Missing NVME drives due to PCIe link initialization error
Applies to
- AFF A250
- 9.13.1P1
Issue
- Node lost access to all internal NVMe drives due to PCIe link initialization error
[Node-02: kernel: nvme.link.error:error]: PCIe link initialization error for NVMe SSD in slot 7.
[Node-02: kernel: nvme.link.error:error]: PCIe link initialization error for NVMe SSD in slot 14.

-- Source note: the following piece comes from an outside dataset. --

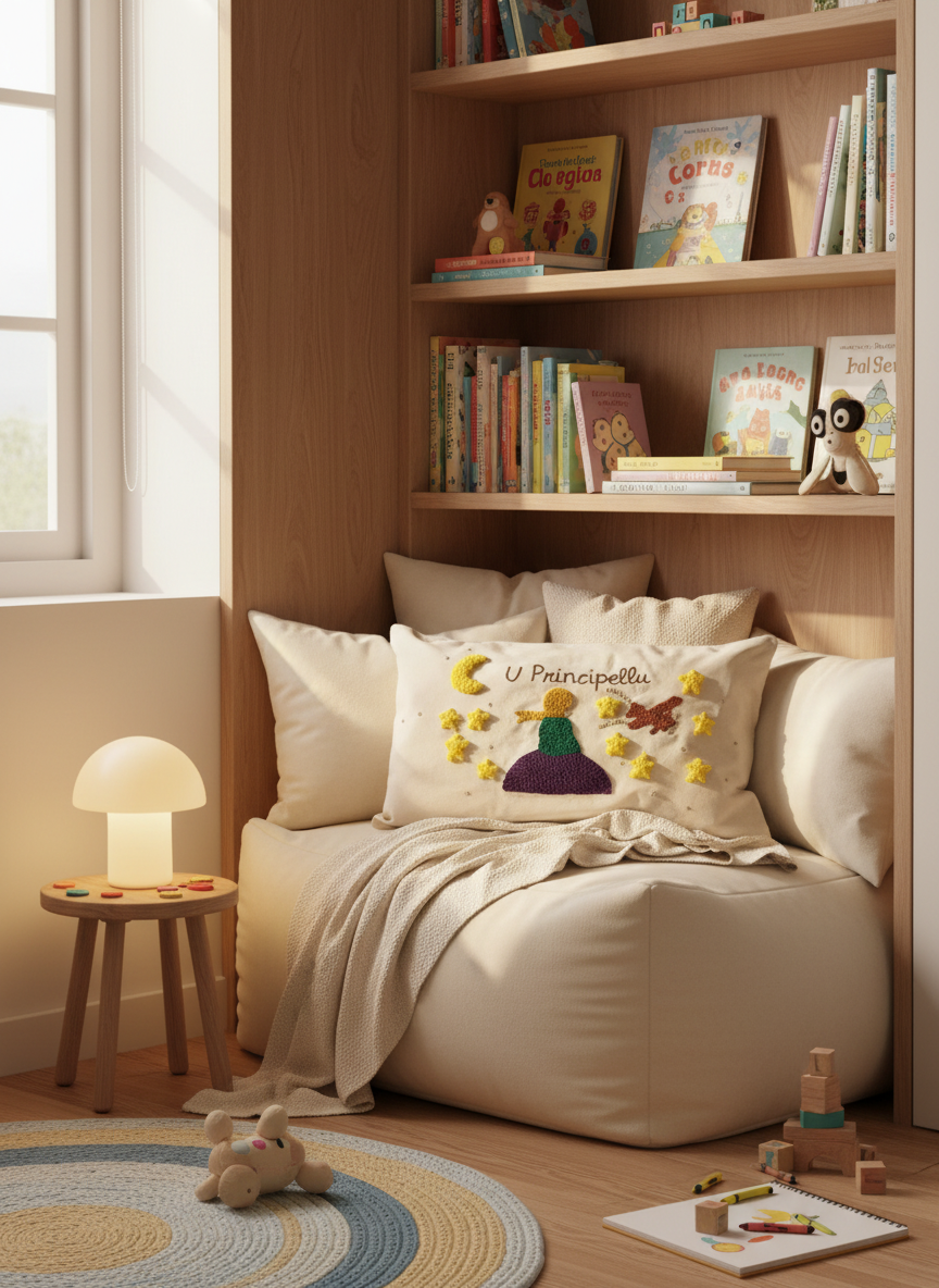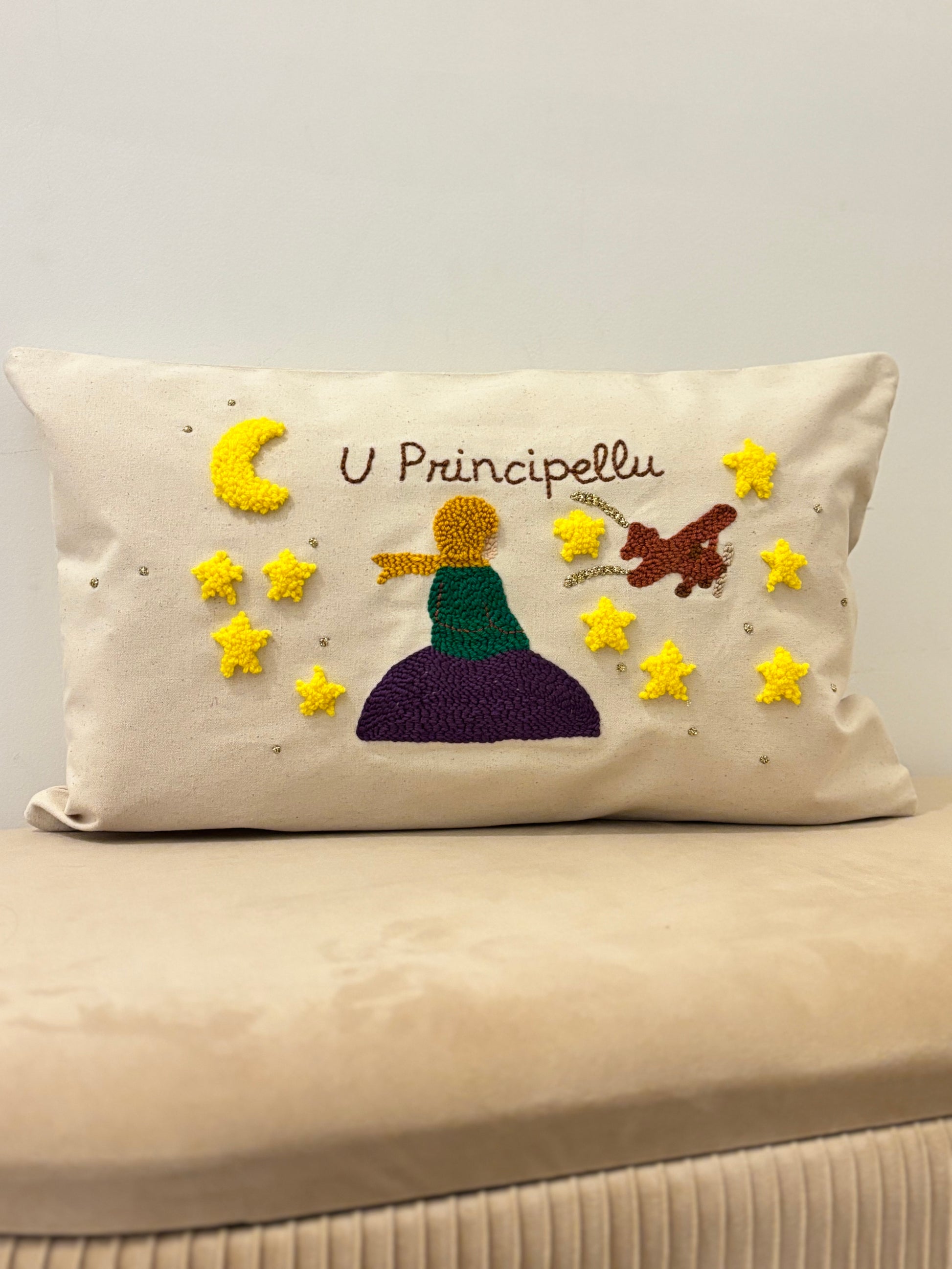 Un coussin poétique réalisé entièrement en punch needle, inspiré du célèbre univers du Petit Prince.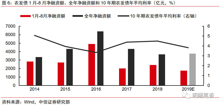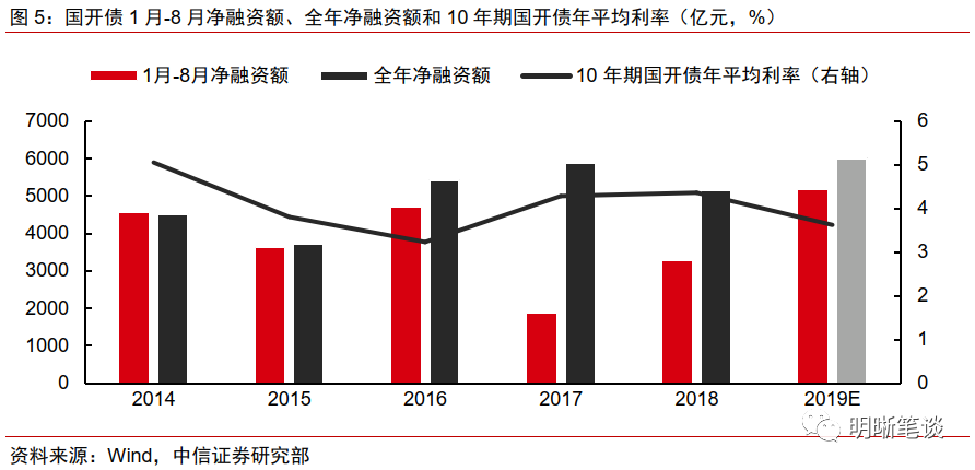 2019年1月至今,国开债净融资额为5148.5亿元,与2016年同期的4702亿元最为接近。同时,2016年和2019年所处的利率区间也较为相似。目前2019年国开债净融资额相较2016年增长9.48%,而2016年国开债全年净融资额为5429.62亿元,因此预测国开债2019全年净融资额约为6000亿元,即年内还需净融资851.5亿元。加之国开债将在年内到期的规模为3001.3亿元,因而预测国开债在年内还将发行3852.8亿元。

[Node-02: kernel: nvme.link.error:error]: PCIe link initialization error for NVMe SSD in slot 20.
[Node-02: kernel: nvme.link.error:error]: PCIe link initialization error for NVMe SSD in slot 12.
- Cluster reports multiple disk missing alert
[Node-02: SKL cerror: pcie.stealth.errors:debug]: params: {'pcie_errors': 'IIO1: RPT(22,0,0): PLX PCIE 9797 switch on Controller, Br[9797](24,0,0): RcvErr(P0(1),P1(1),P2(1),P3(1)), Br[9797](24,4,0): RcvErr(P5(1),P6(1)), Br[9797](24,8,0):
[Node-02: config_failed_disk: callhome.disks.missing:error]: Call home for MULTIPLE DISKS MISSING
- Aggregates created by the disks in shelf 0 goes offline
Aggregate aggr1_Node_02 (online, raid_dp, mirror degraded, fast zeroed) (block checksums)
Plex /aggr1_Node_02/plex0 (offline, failed, inactive, pool0)
RAID group /aggr1_Node_02/plex0/rg0 (partial)
RAID Disk Device HA SHELF BAY CHAN Pool Type RPM Used (MB/blks) Phys (MB/blks)
--------- ------ ------------- ---- ---- ---- ----- -------------- --------------
dparity FAILED N/A 883638/ -
parity FAILED N/A 883638/ -
data FAILED N/A 883638/ -
data FAILED N/A 883638/ -
data FAILED N/A 883638/ -
data FAILED N/A 883638/ -
data FAILED N/A 883638/ -
data FAILED N/A 883638/ -
data FAILED N/A 883638/ -
data FAILED N/A 883638/ -
data FAILED N/A 883638/ -
Raid group is missing 11 disks.
Aggregate aggr0_Node_02 (online, raid_dp, mirror degraded, fast zeroed) (block checksums)
Plex /aggr0_Node_02/plex0 (offline, failed, inactive, pool0)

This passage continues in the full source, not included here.